The wider concerns about the robustness of the rule of law across the EU have also caught the attention of observers in Brussels.
“What’s happening particularly in Poland and Hungary is very serious,” Camino Mortera-Martinez, senior research fellow at the Centre for European Reform, told The Brussels Times, “But we must be careful not to overlook other member states.”
“We’ve got Romania with high levels of corruption cases and a lot of fear with regards to how EU funds will be spent,” she said. “Then there’s the concerns over the Czech Republic and how Prime Minister Babis spends EU cultural funds, as well as problems in Cyprus and Malta.”
“If one looks closely, there are problems pretty much everywhere,” she added.
Such abuses of judicial integrity are also found in Western European nations. One case in question includes concerns in Portugal, currently leading the Presidency of the EU Council, where the electronic system of allocation of cases in courts has come under scrutiny.
The Commission’s Rule of Law findings note that allegations of breaches of the allocation system surfaced in 2020, when top judges were indicted in a case of “high level corruption, including peddling and money laundering,” resulting in the High Council for the Judiciary applying disciplinary sanctions to two of the judges involved.

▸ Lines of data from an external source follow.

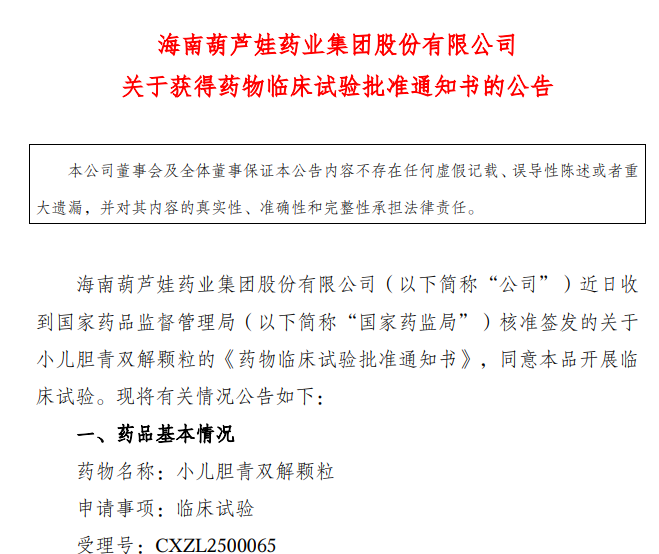 中國粉體網訊 10月27日,ST葫蘆娃發布公告,宣布公司近日已獲得國家藥品監督管理局核準簽發的關于中藥創新藥小兒膽青雙解顆粒的《藥物臨床試驗批準通知書》,該通知書同意小兒膽青雙解顆粒開展臨床試驗。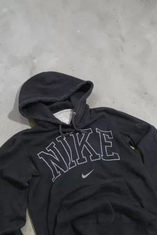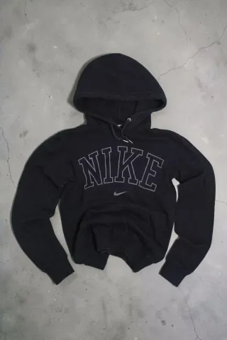 ⚡ Sudadera negra con capucha Nike con el codiciado diseño de "Center Swoosh". 🏷️ Talla: S (La talla estimada por las medidas coincide con lo que marca la etiqueta). 📏 Medidas: 59 cm de largo x 42 cm de hombro a hombro. 🎨 Color: Negro con el clásico desgaste/efecto "faded" y letras contorneadas en gris/blanco. ✅ Estado: Buen estado vintage. Presenta un desgaste natural y generalizado del color oscuro típico de los lavados, lo que le da un toque retro muy auténtico. Sin roturas ni manchas. 🔎 Detalles: Gran texto de "NIKE" arqueado en el pecho (estilo spellout), un pequeño logo Swoosh bordado justo en el centro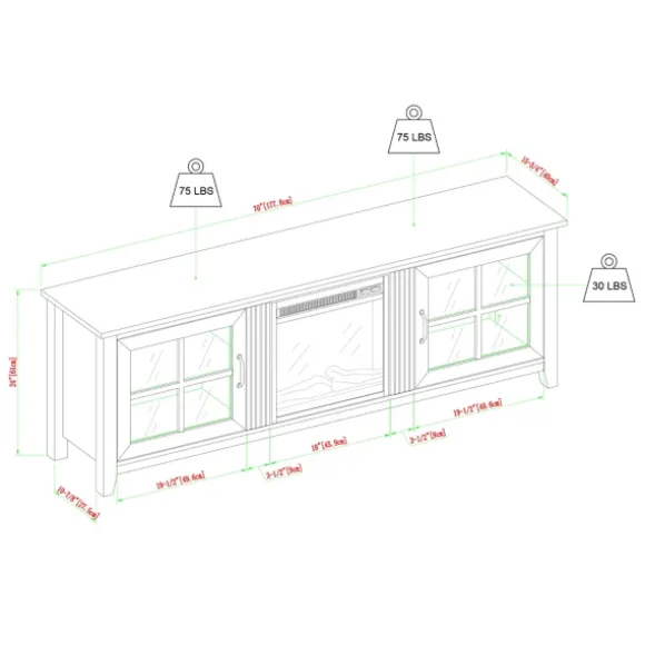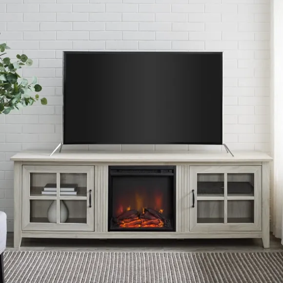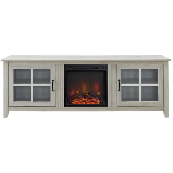 Nothing Makes A Space Cozy Like A Warm Fire! This Whitewash Windowpane Fireplace Cabinet Will Give You All The Warmth And Ambiance Of A Real Fire With None Of The Upkeep. It’S The Perfect Thing For Your Living Room Or Den! Cabinet Measures 70L X 16W X 24H In.Crafted Of Warp-Resistant Wood Composite, Tempered Glass, And Metalwhitewash Finish With Black Hardwarefeatures Window Cabinet Doorsaccomodates Flat-Panel Tvs Up To 85 In.One (1) Shelf Inside Each Cabinetincludes An 18-Inch Electric Fireplace Insert With A Plug-In Cordalso Includes Cable Management Portssome Assembly Requirednot Intended For Commercial Usecare: Wipe With Soft, Damp Cloth.This Item Is Available At Kirklands.Com Only, Not Available In Stores. Please Note: This Item Cannot Be Shipped To Apo/Fpo Addresses.Warning:This Product Can Expose You To Chemicals Including Dust And Phthalates Which Are Known To The State Of California To Cause Cancer And Birth Defects Or Other Reproductive Harm.For More Information Go Towww.P65Warnings.Ca.Gov .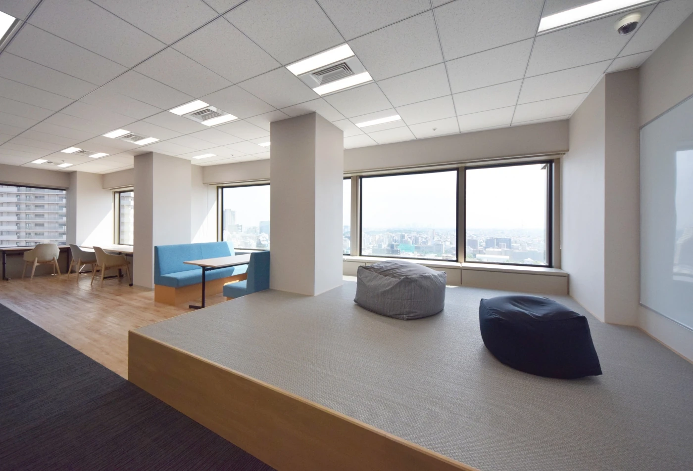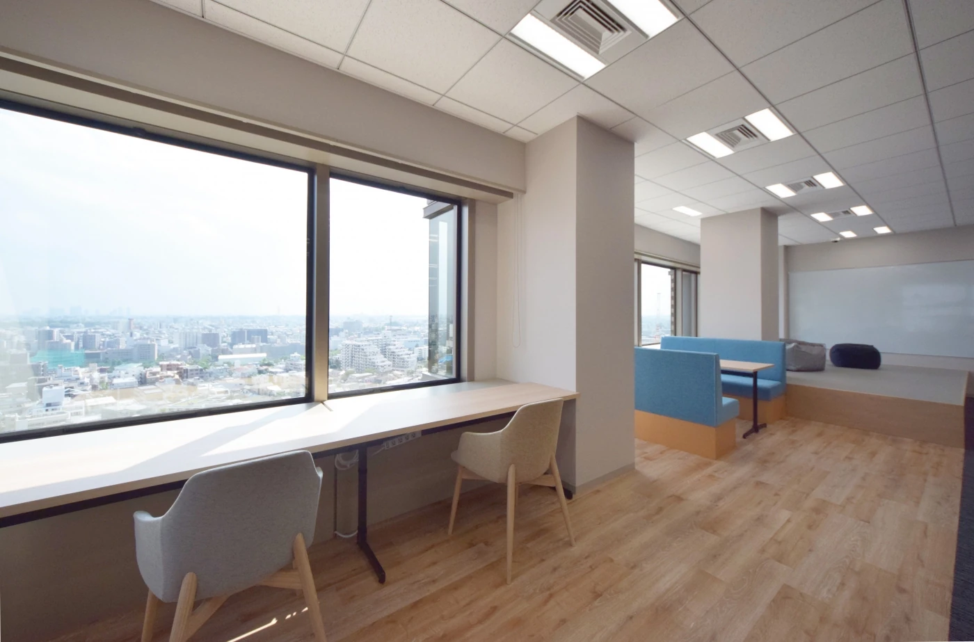 今回は館内増床という機会であり、”次のステップへ進む起点(起源)となる場所”という意を込めて「Genesis Next Place」というコンセプトでオフィスをデザインさせて頂きました。エントランスは、遺伝子を扱う上で重要な信頼感を伝えることができるよう重厚な印象を生み出すタイルを使用しつつ、色味は白とライトグレーを採用し柔らかな印象に。一方で、アクセントでメタリックな素材をデザインに取り入れることで、先進さやクリーンさ、ソリッド感を表現しています。「ホワイトボードをたくさん使って打合せをしたい」というご要望にお応えし、20名収容可能な会議室とワークスペースは壁一面にホワイトボードを取付け、活発なコミュニケーションを促しました。リフレッシュスペースには畳のエリアをつくり、明るい窓から差し込む自然光で気持ちのよい空間を。全体をとおして、社員様にとって居心地の良いオフィスを目指してデザインしました。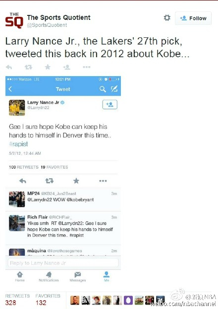 NBA选秀,一旦你被选中,尤其是热门球队,你享受着荣誉但也必须要谨慎了。湖人第27顺位选中的拉里-南斯Jr,12年在推特上骂科比…孩子…自求多福…【小伙子最后还加了个话题#强奸犯…】

An ongoing investigation into concerns over the electronic allocation of cases continues. The High Council states that the case may have led to a lack of confidence in citizens’ ‘perception of justice’ in Portugal.

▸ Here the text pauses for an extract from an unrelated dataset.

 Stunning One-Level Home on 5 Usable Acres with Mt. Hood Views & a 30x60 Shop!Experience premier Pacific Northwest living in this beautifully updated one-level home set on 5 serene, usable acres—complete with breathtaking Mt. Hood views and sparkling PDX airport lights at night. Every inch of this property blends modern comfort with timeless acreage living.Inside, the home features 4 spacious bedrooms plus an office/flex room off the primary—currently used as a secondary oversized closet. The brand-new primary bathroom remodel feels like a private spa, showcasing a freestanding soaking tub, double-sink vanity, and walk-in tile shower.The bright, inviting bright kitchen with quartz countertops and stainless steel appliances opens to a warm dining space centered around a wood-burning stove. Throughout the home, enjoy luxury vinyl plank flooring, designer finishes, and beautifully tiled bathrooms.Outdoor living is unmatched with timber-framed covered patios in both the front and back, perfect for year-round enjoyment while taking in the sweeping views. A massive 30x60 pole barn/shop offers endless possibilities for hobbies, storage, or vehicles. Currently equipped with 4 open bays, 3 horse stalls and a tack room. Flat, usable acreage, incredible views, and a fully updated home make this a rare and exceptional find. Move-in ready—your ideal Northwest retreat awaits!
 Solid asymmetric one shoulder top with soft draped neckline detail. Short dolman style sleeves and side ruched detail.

This is not the first time Portugal has been in the spotlight for financial system failure. Back in 2014, the Banco Espírito Santo (BES) scandal led to substantial losses in the billions for both domestic and foreign investors, with the Portuguese central bank having to eventually intervene to impose a restructuring.
With worries over the rule of law abounding across the EU, it is clear to see why the European Commission is keen to ensuring a timely approval of the conditionality mechanism by the ECJ.
Nevertheless, should the court eventually decide that the conditionality clause is perfectly in line with EU treaties, there are those that believe the mechanism to be insufficient anyway, particularly in dealing with abuses emanating from Hungary and Poland.
“The Hungarian government forcefully denies any problems detected by the Commission,” Zsolt Darvas, Senior Fellow at the think tank Bruegel, told The Brussels Times. “They believe that the Rule of Law report is biased and politically motivated.”
For Darvas, the issue hinges on positions adopted by governments in Poland and Hungary. Should those governments remain in place for the foreseeable future, then the conditinality mechanism is unlikely to convince them to adopt reform in pursuance of rule of law standards.
“In my view if the current governments remain in Hungary and Poland, even a negative decision on their complaints to the European Court of Justice concerning conditionality will not change their positions,” Darvas said.
“They even they will be prepared to sacrifice money, rather than to suffer the political consequences of admitting that there are problems in their countries.”